Fwd: Internet operations during pandemics
Did other folk on nanog-l see the nLnog-l note copied here? I wonder how folk are planning for things (noted in the slides) o supply chain for parts/equipment Wait, I can't get me a new shiny shipped because what?? o ongoing rollout of new equipment I'm deploying next week in KIX, I'm currently in LAX how do I get there? equipment arrives.. in between...oops! o noc/etc support staff omg.. wait, I can't have my noc staff in the same room? our 'wfh' solution is ... wait, where is that? how do i get their phone queue sent to them? omg :( <sadness!> o services capacity crunches I love my shiny new dns service.. .wait, why is there a smoking hole where my dns servers were? I think some of this has been discussed (shifts in peaks, leveling of peaks) Some hasn't really... I expect that at least sharing some 'err, our WFH changed now we do: X, Y , Z and use M to get N solved' could be super cool to discuss/share and iterate for better solutions for all of our users. thoughts? :) thanks! -chris (note all the hard work in this message is not mine... thanks Job!) ---------- Forwarded message --------- From: Job Snijders <job@ntt.net> Date: Wed, Mar 18, 2020 at 6:02 PM Subject: Internet operations during pandemics To: <nlnog@nlnog.net> Dear all, I threw together a slidedeck today on the potential impact and second order effects of COVID-19 on Internet network operations. http://instituut.net/~job/netops_during_pandemics.pdf I hope we together over time can add and extend projections in the deck on what will happen and how we can mitigate the negative effects on Internet operations. We have to answer questions such as: 1) what problems already exist today because of a few weeks of C19? 2) What problems are still coming? Will those be localized or globally? 3) What possible workarounds can we plan for those problems? I would appreciate feedback, comments, corrections or whatever you want to tell me. None of us have been in this situation before, so my guess is as good as yours. Kind regards, Job
In my past it has always benefited me to set use cases and plan accordingly. For many it is difficult to imagine these less than awesome use cases. Having working to get datacentres back online in 8.8 earthquakes and dealing with fires in co-location sites it is hard. 1. Document 2. Generate use cases, DR plans, OOBM, document peers phone numbers offline 3. Implement, share, discuss 4. Profit While this sounds ideal and simple it is not a small effort. I have two talks I must finish up where on is on *Organizations as Code* and how to survive the worst. On Wed, Mar 18, 2020 at 5:25 PM Christopher Morrow <morrowc.lists@gmail.com> wrote:
Did other folk on nanog-l see the nLnog-l note copied here? I wonder how folk are planning for things (noted in the slides) o supply chain for parts/equipment Wait, I can't get me a new shiny shipped because what??

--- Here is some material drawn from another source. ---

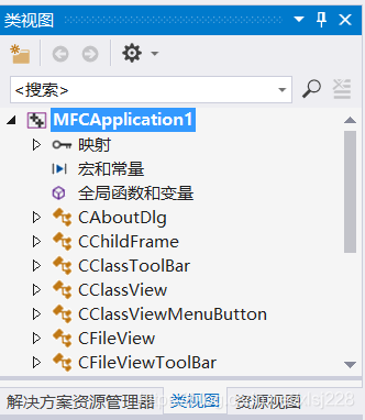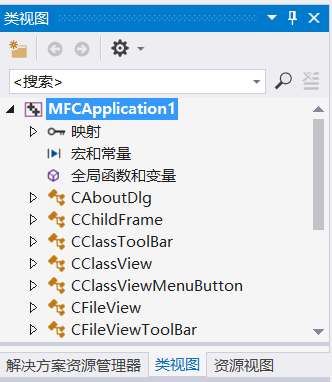 - 所有使用MFC类的名称都已C开始,如CView。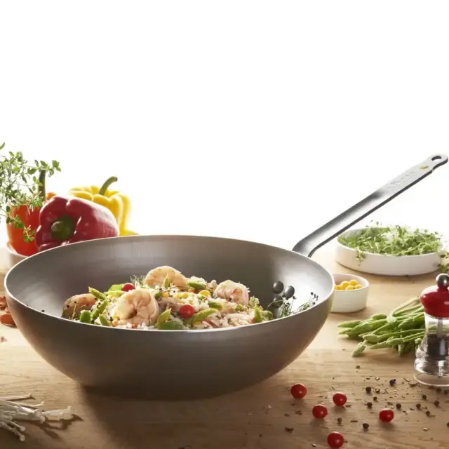 De Buyer vok je popolna wok-ponev za zdrav in hiter način kuhanja, idealna za naravno in dietetično kulinariko z majhno uporabo maščob. Ponev premera 28 cm se hitro segreje in toplota se enakomerno razporedi, kar ustvari Maillardovo reakcijo, hrana pa se v takšni ponvi odlično karamelizira. Ravno dno, ki meri 13,7 cm, je izredno stabilno. Ponve iz linije MINERAL B so izdelane iz visokokakovostnega železa, prevlečenega s čebeljim voskom, ki ustvari zaščitni premaz pred oksidacijo, hkrati pa je to tudi naravna obloga proti prijemanju živil pri prvi uporabi. Z vsako nadaljnjo uporabo ponve se izboljša lastnost naravnega nelepljivega sloja. Ponev lahko uporabljate na vseh kuhalnih površinah, vključno z indukcijo. Ne uporabljajte detergentov in ponve ne vstavljajte v pomivalni stroj. Po vsaki uporabi jo sperite z vročo vodo, jo osušite, nato pa jo rahlo premažite z oljem in shranite v suhem prostoru, da preprečite rjavenje. Ponev bo z uporabo postala temnejša, vendar z upoštevanjem pravil rokovanja z železno posodo bo del vaše kuhinjske posode še desetletja.

o ongoing rollout of new equipment I'm deploying next week in KIX, I'm currently in LAX how do I get there? equipment arrives.. in between...oops!
o noc/etc support staff omg.. wait, I can't have my noc staff in the same room? our 'wfh' solution is ... wait, where is that? how do i get their phone queue sent to them? omg :( <sadness!>
o services capacity crunches I love my shiny new dns service.. .wait, why is there a smoking hole where my dns servers were?
I think some of this has been discussed (shifts in peaks, leveling of peaks) Some hasn't really... I expect that at least sharing some 'err, our WFH changed now we do: X, Y , Z and use M to get N solved' could be super cool to discuss/share and iterate for better solutions for all of our users.
thoughts? :)
thanks! -chris (note all the hard work in this message is not mine... thanks Job!)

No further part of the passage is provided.